I confrmed a one bedroom back in Feb. I started a search for the second week right away, booked our airline tickets in April (while the fares were good)  for a 2 week period even though we hadn't received an exchange for our second week. RCI came through for me yesterday & I am so pleased!


----------



## LisaH (Jun 30, 2007)

Congratulations! Never been to Bermuda. Looking forward to reading your trip report


----------



## nerodog (Jun 30, 2007)

*loved Bermuda !!*

Hi, I didn't do a timeshare back when I was there...loved it.. Call the Bermuda tourist board or look up online... they send you a great package with loads of information, maps, etc.. I was there in Nov and again in Feb... it was warm enough to swim on one  trip.. have fun . The people are very friendly.. has the English flair.
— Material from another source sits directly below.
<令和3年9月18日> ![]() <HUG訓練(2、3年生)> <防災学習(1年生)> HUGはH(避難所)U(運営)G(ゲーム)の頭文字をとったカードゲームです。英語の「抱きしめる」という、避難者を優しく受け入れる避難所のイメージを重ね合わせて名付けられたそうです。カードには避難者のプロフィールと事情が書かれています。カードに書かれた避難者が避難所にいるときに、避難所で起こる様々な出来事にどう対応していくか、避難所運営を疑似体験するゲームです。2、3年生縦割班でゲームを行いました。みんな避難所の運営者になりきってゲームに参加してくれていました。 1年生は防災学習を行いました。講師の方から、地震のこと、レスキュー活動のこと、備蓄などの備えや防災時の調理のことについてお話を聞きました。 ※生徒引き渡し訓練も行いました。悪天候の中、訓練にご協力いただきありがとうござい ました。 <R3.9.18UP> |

I would be interested in hearing about the timeshare... maybe should try a search for the future for myself !!


----------



## Corinne (Jul 2, 2007)

Harmina,

You lucky dog.  Bermuda is one of our favorite islands.  We were fortunate to stay at St. George's Club oh, maybe 7 or 8 years ago now, and loved it.   Kept saying we wanted to go back, but never scored an exchange again.  A month ago we finally went, this time on a cruise out of Boston.  While the island was as lovely as we remembered, my husband and I both decided the cruise was not for us.  It takes too much time to get to and from your destination, leaving less time to actually enjoy the island itself. 

One of our "finds" this trip was Grace Bay, on the south shore not far from Horseshoe Bay Beach.  The Grace Bay beach was small and lovely, and not overcrowded as some beaches can get.  The snorkeling was pretty good, too.  If you're down that way, you might want to give it a try.  
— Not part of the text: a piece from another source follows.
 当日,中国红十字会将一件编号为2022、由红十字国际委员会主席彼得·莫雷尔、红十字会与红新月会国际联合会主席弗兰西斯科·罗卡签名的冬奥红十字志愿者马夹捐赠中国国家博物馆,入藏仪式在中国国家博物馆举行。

Have a wonderful time.  I'll be thinking of you!

-Corinne


----------



## Harmina (Jul 6, 2007)

I have been doing quite a bit of research online & also have a copy of the Fodor's Bermuda handbook, which I bought a couple of years ago. I called the Bermuda Tourism office this morning and requested the information package. Thanks for suggestion, Nerodog. Corrine, we will check out Grace Bay even though it is at the other end of the island. We have 2 whole weeks there... so will certainly have lots of time to explore. I'll do an update upon our return in November.


----------



## nerodog (Jul 7, 2007)

*memories of bermuda*

Hi Harmina, really enjoyed taking the ferry boat from Hamilton to Somerset.. or just riding the buses all around... enjoyed going to the BOtanical gardens in Hamilton. If you like John Lennon, the flower, Double Fantasy has a plaque there named after his last album...having tea is also fun...shopping for woolens ( from ENgland!) in some of the stores downtown is also nice.Take the walking tour of St George. We bought some nice prints  by a woman named Mary Powell- lots of nice artwork and prints available in many of the shops...there are lots of little bays that are nice and often the local people will direct you to special ones.. I think one was SMith's bay but I cant remember now...Horseshoe bay is nice but can get crowded because it is so popular. I think you will find the packet of info interesting and the map is handy too. It gives you lots of properties but also things to do, golf, etc...


----------



## Larry (Jul 8, 2007)

One of the best ways to tour Bermuda is by renting a scooter for one or two days. We went from one end of the island to the other and found it to be a great way to visit the different parishes, towns and beaches throughout Bermuda. We got a larger two seater scooter since my wife didn't feel comfortable driving the scooter on her own. She just hung on for dear life on the back of the scooter. It really wasn't that bad and I got the hang of it pretty quickly. This was over thirty years ago and I still remember this as one of the highlights of the trip.  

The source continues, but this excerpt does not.